__Required work__
Set down exact lines only, from the line with "(S)FTP and WebDAV" through the last line of the material below, with every picture left out.

__Data__
----

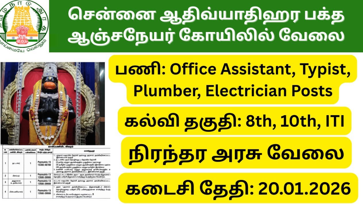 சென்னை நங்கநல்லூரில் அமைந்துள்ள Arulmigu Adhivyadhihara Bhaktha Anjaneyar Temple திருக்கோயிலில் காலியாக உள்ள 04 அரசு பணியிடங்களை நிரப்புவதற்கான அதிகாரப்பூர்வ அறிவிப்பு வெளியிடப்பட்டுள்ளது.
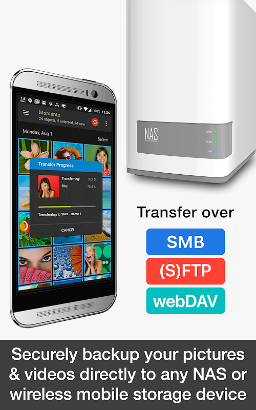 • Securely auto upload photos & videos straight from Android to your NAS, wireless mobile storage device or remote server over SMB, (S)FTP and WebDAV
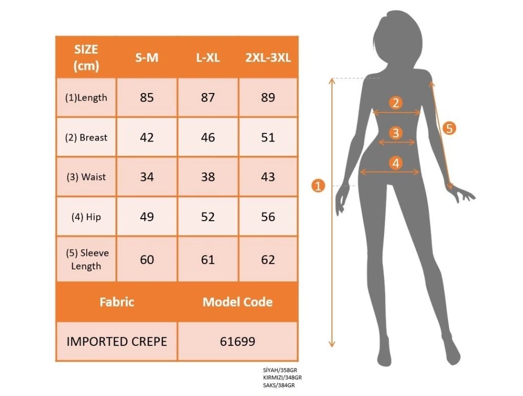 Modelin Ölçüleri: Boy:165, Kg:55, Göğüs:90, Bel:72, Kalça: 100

----

__Answer space__
 • Securely auto upload photos & videos straight from Android to your NAS, wireless mobile storage device or remote server over SMB, (S)FTP and WebDAV
 Modelin Ölçüleri: Boy:165, Kg:55, Göğüs:90, Bel:72, Kalça: 100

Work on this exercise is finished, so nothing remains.